Domestic violence support centre to operate from under a tree

The Thohoyandou Victim Empowerment Programme (TVEP) was evicted from their offices because they have been unable to pay their rent.

After helping scores of domestic violence victims from an old embassy building in Sibasa for 18 years, the Thohoyandou Victim Empowerment Programme (TVEP) is now set to operate from under a tree.

This is after the organisation was evicted from their offices because the building they used is owned by the Department of Public Works, and they have been unable to pay their rent.

The hope of many victims

TVEP spokesperson Tshilidzi Masikhwa said that they were worried about the eviction which comes during the 16 Days of Activism and at the start of the December holidays when they normally record a higher-than-average number of cases.
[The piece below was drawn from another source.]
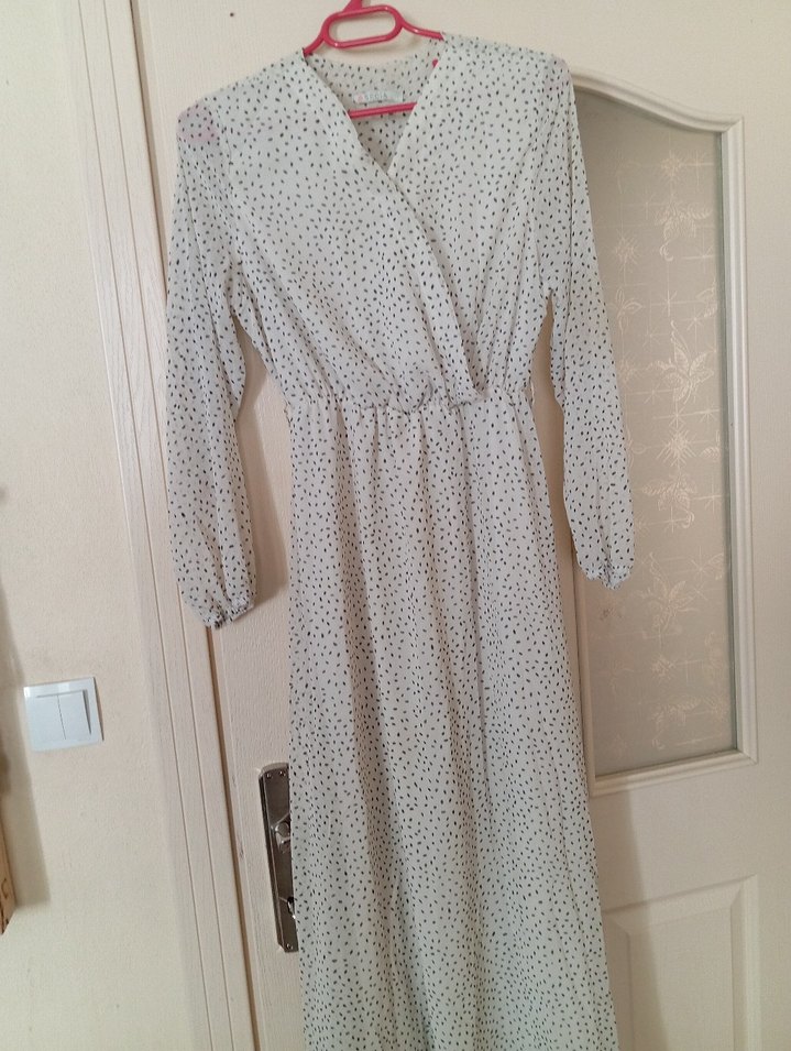 Uzun kollu, bol kesim bohem elbise, drapeli V yakaya sahiptir. Yumuşak sentetik kumaştan yapılmış, minimalist gri tasarımlıdır, günlük kullanım için uygundur.
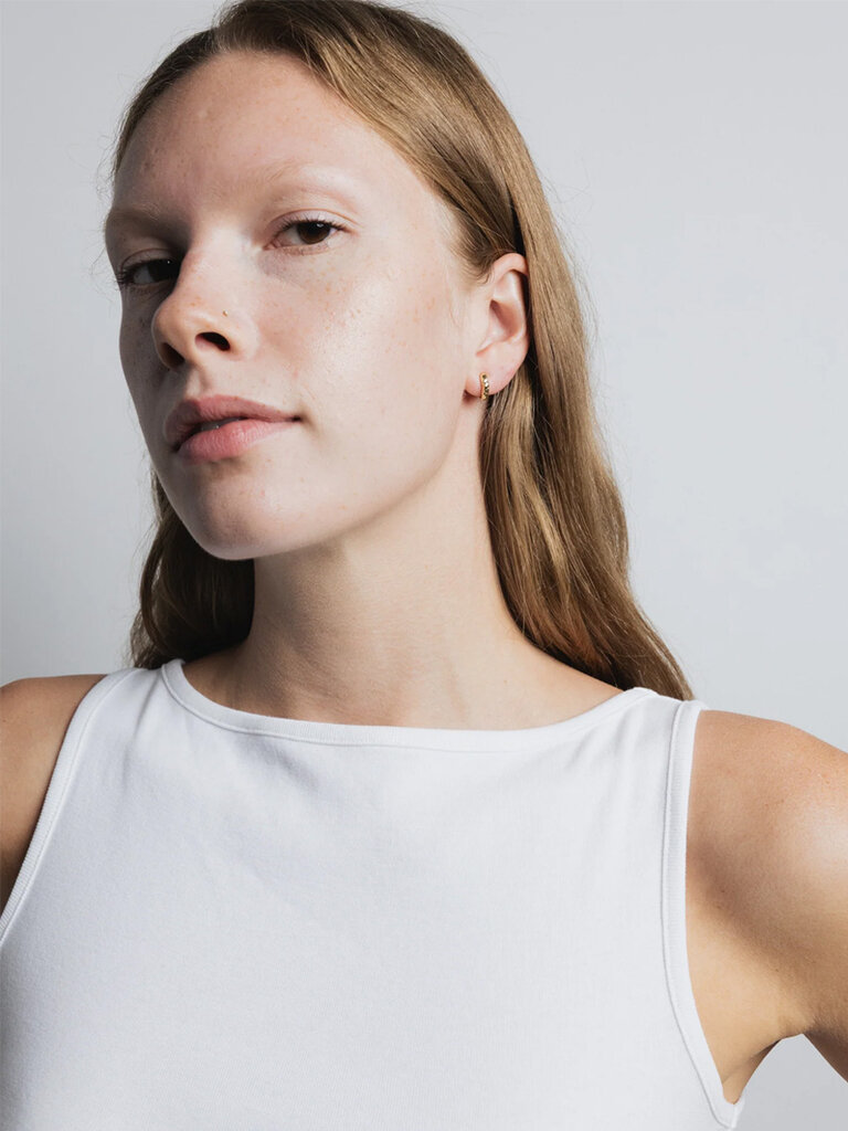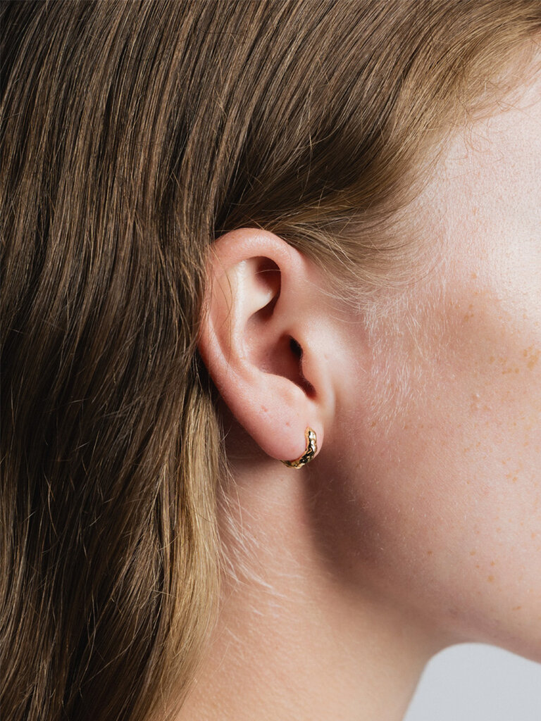 Textured huggie hoop earrings in recycled brass plated with 14k gold, featuring hypoallergenic 14k gold-plated hinges. Inner diameter measures 7mm.

“We have been operating from the building for the past 18 years, and people have learnt to trust us to handle their matters as we are the hope of many victims. And that is why we continue to help people, even if it means operating out in the open or under a tree. As we all know, during the holidays cases ranging from domestic abuse to sexual assault are reported and people will require our help. We cannot afford to disappoint them,” said Masikhwa.

The eviction happened after the Limpopo High Court ruled in favour of the Department of Public Works that had filed court applications last year to evict TVEP from the building.

The rural based NGO could not afford to pay their rent and their negotiations for a settlement were not successful. The organisation operates from donations from foreign aid which mostly covers their operational costs. The TVEP currently has over 67 employees, some of whom are based at trauma centres at Donald Fraser and Tshilidzini hospitals.

Praise from the government

“Over the years we have assisted more than 26 000 victims as we have become a first stop for victims of abuse. They know that we are the only place in the area where they can get the help they need,” he said.

TVEP provides counselling, advocacy, support, access to medical examinations and anti-retroviral treatment to hundreds of people. He further said that they are surprised that the same government which usually praises the work done by the TVEP each year does not want to help them.

“We get praise all the times from the government, but they do not seem to want to help us. We are here to help people and care for them, but little is being done to help us. Each day we restore hope and life to many victims and we feel our work needs to be appreciated,” he said.

Masikhwa has however encouraged people to continue visiting their trauma centres at hospitals while TVEP tries to find a place to operate from. - Health-e News.